**Task input:**
━━━━━━━━━━

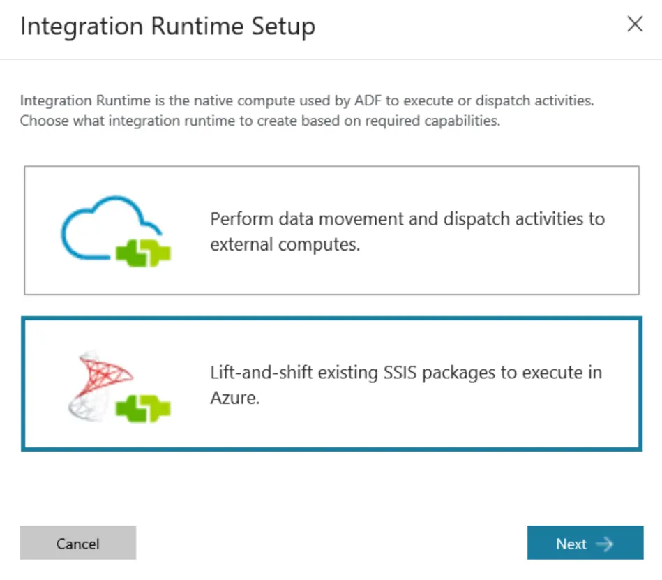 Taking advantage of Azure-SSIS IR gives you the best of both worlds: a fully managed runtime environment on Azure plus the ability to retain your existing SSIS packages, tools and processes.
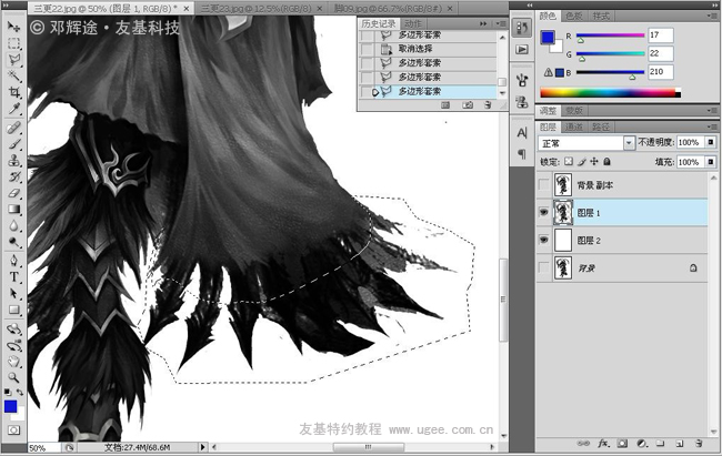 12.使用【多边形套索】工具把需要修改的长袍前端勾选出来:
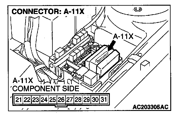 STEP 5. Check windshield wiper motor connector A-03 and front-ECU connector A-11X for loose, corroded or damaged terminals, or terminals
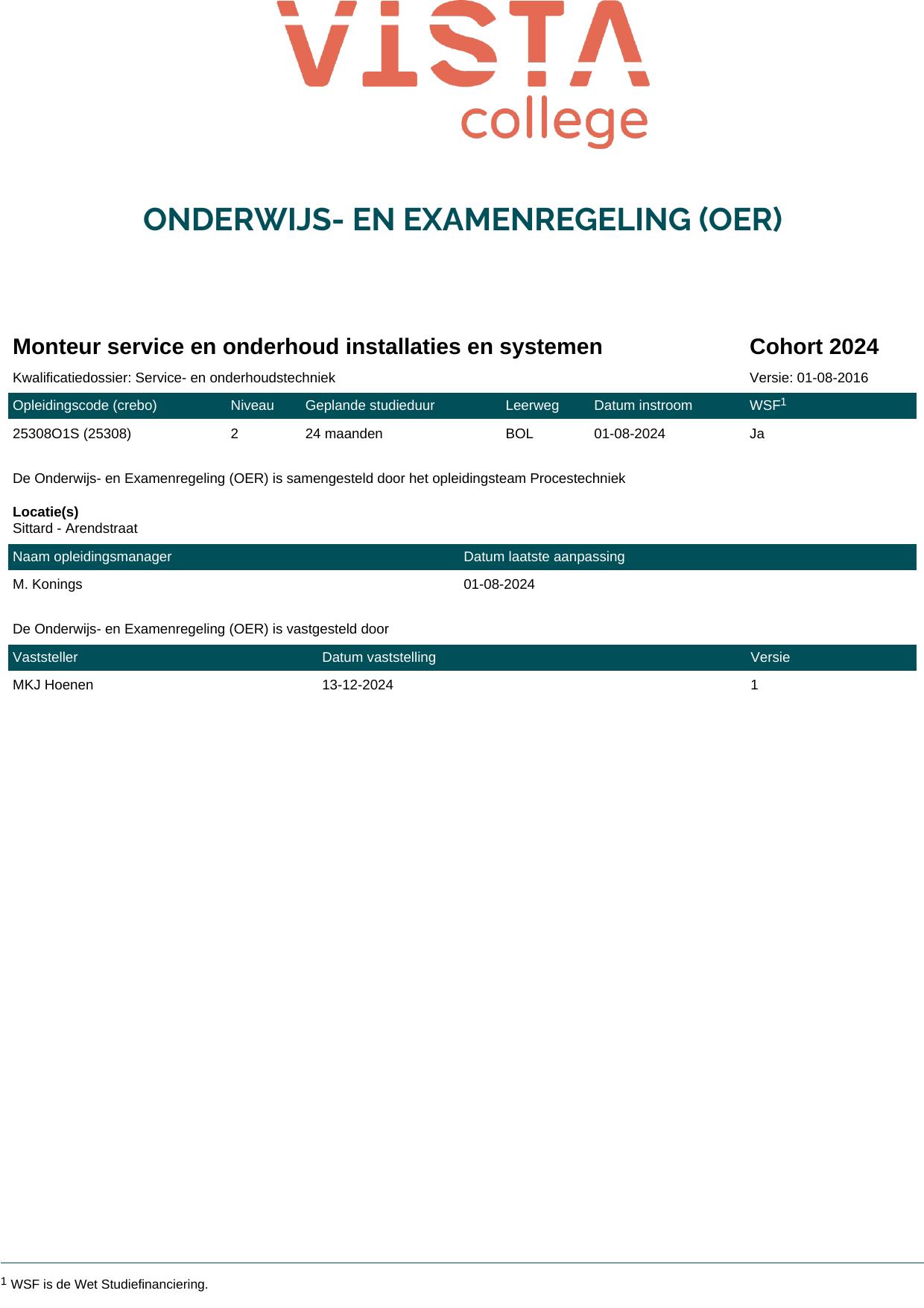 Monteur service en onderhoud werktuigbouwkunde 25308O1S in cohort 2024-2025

━━━━━━━━━━

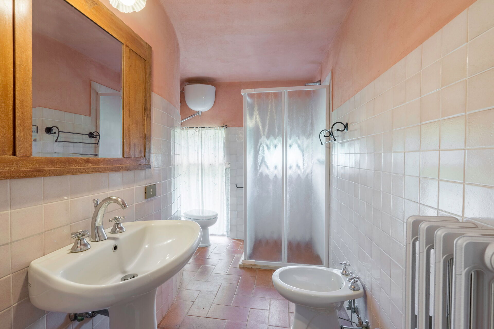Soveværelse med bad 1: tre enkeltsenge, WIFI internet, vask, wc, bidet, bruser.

━━━━━━━━━━

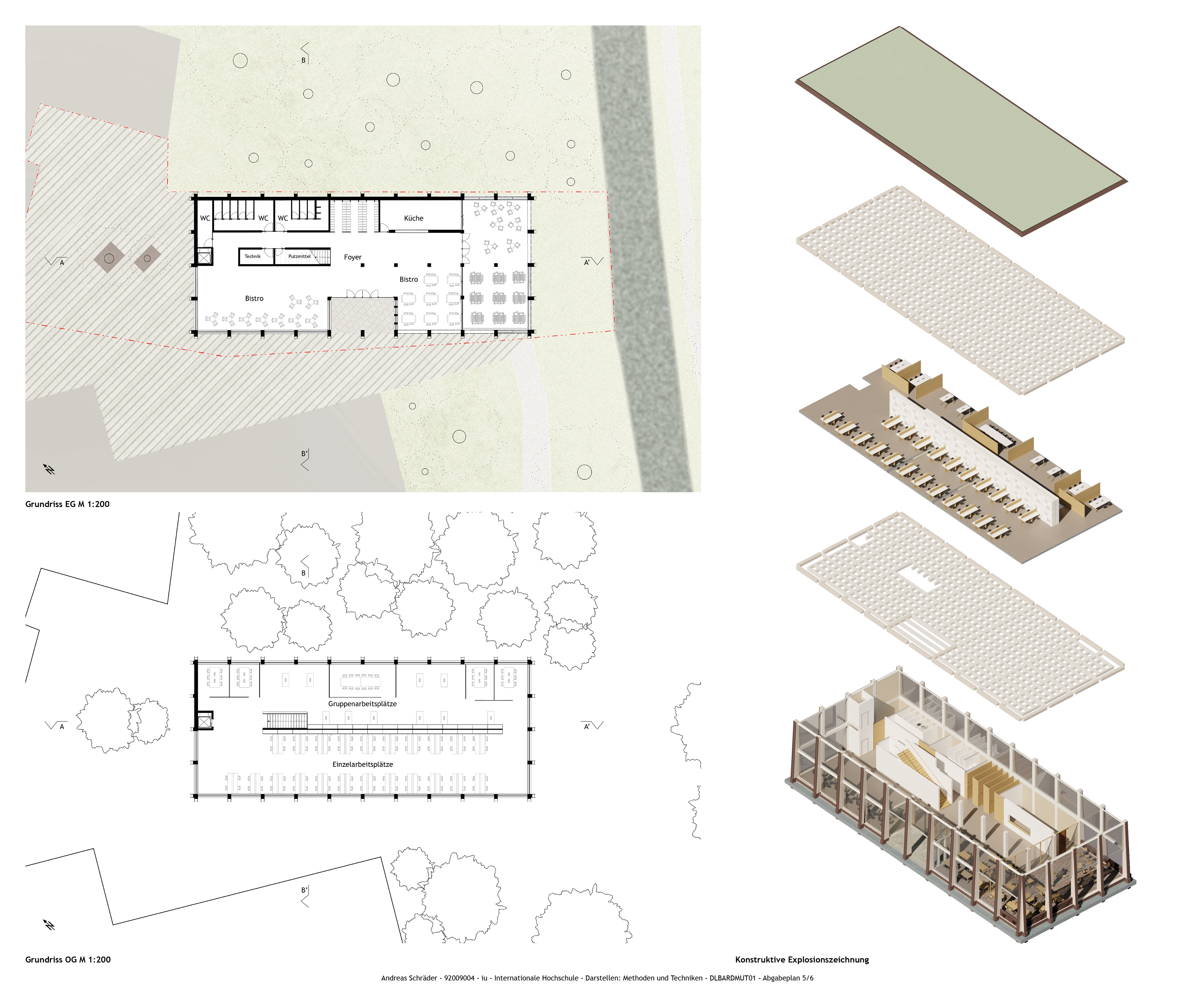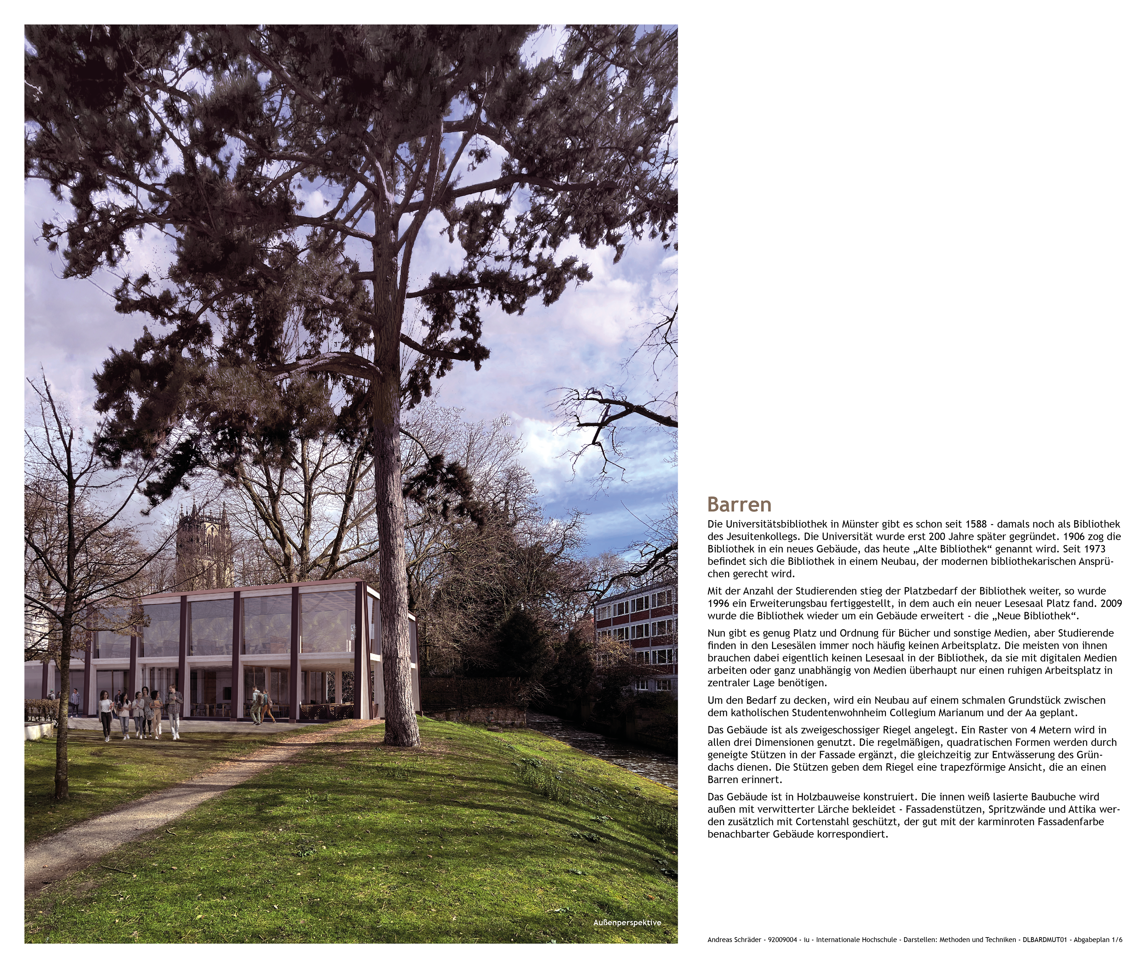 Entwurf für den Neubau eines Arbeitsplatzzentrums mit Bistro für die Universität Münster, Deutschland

━━━━━━━━━━

**Problem statement:** Taking the material above, give again exactly the lines from the one holding "Taking advantage of" through the one holding "Monteur service en", with both ends and without pictures.

**Written solution:**
 Taking advantage of Azure-SSIS IR gives you the best of both worlds: a fully managed runtime environment on Azure plus the ability to retain your existing SSIS packages, tools and processes.
 12.使用【多边形套索】工具把需要修改的长袍前端勾选出来:
 STEP 5. Check windshield wiper motor connector A-03 and front-ECU connector A-11X for loose, corroded or damaged terminals, or terminals
 Monteur service en onderhoud werktuigbouwkunde 25308O1S in cohort 2024-2025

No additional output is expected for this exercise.